People in school laugh at me,
The women take pity on me,
Men tell me to be strong.
I’m all grown now,
At the age of nine.
Big and tall,
Maybe like my mom,
Maybe like my dad.
I will never know,
I never want to know.
For the rest of my life I will know I have been abandoned.
I wasn’t good enough.
I’m not worthy for some reason or another.
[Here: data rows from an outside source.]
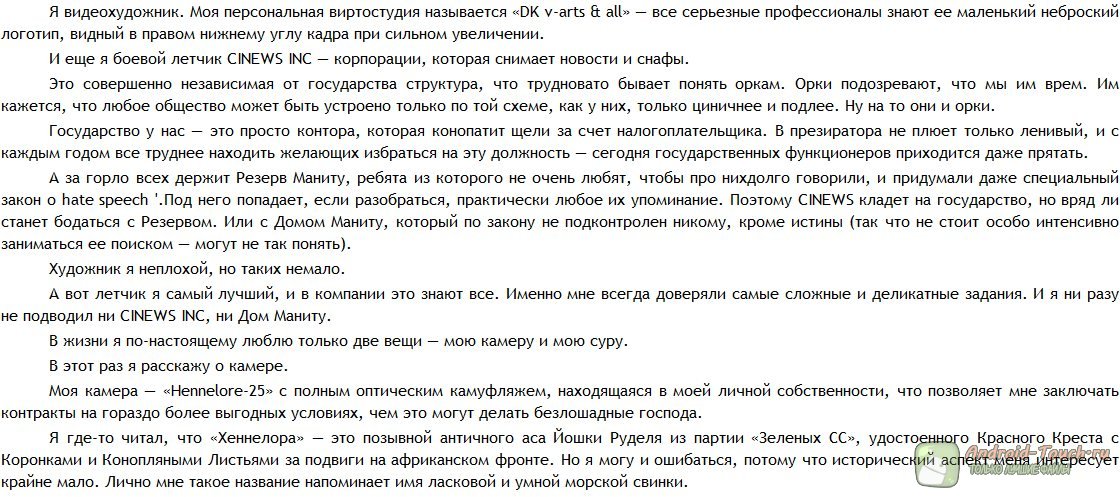 А под огромными «офшарами», висящими в атмосфере, раскинулась страна Уркаина, где в грязи и убожестве живут урки, они же орки, а правят ими уркаганы с властными именами – Рван Контекс, Рван Дюрекс... Между орками и людьми идёт постоянная война, которую снимают на камеры, чтобы дарить жителям офшаров их любимое развлечение – «снафы», смесь кинобоевиков и новостей. А что ещё делать, если возраст сексуального согласия в офшарах повышен до сорока шести лет?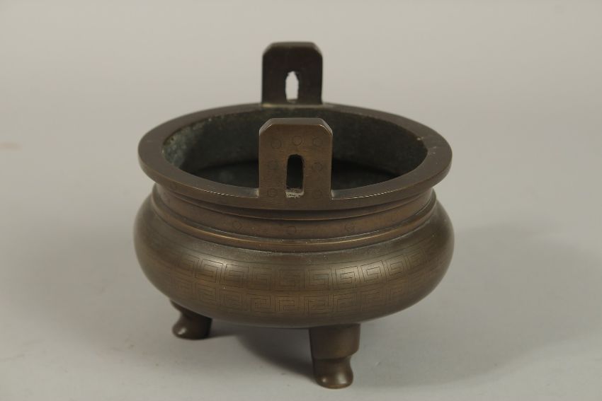 A CHINESE BRONZE TWIN HANDLE TRIPOD CENSER, with longevity symbols, 12cm wide.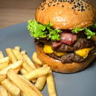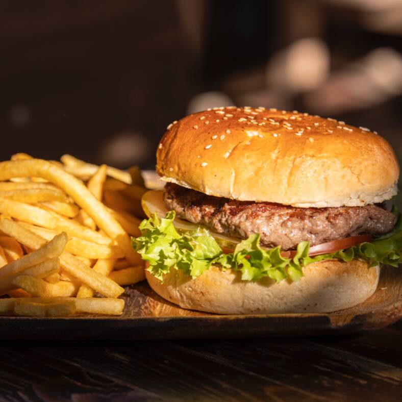 Carne de res, queso americano, lechuga, tomate, cebolla, pepinillos, acompañado con papas.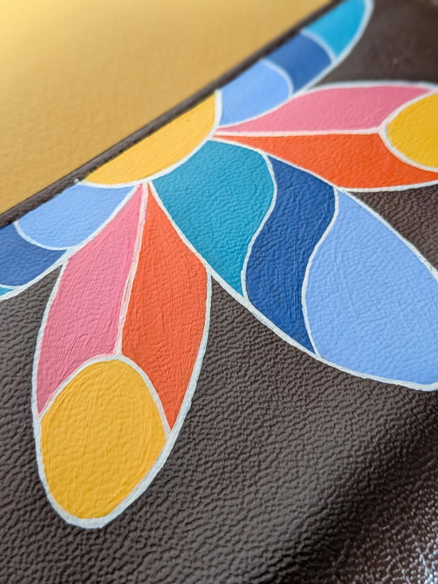 6. Motif: peinture acrylique spécial cuir,protégée par vernis

They decided I was worth it enough to breathe life into me,
But not enough to help me grow.
I’m all of eleven now,
I sit and wait,
Until it’s my turn,
To show the world.
You can come back from anything.
I had a good set of second parents.
I’m sure they’re better than my first.
But then how can you know something like that?
Are my parents secretly watching me grow…?
Do they know that I go to school?
That I get made fun of…
Do they know anything?
I graduate tomorrow,
Eighteen years without my parents.
Because I wasn’t good enough.
I have decided that after I walk across the stage,
No one will ever see me again…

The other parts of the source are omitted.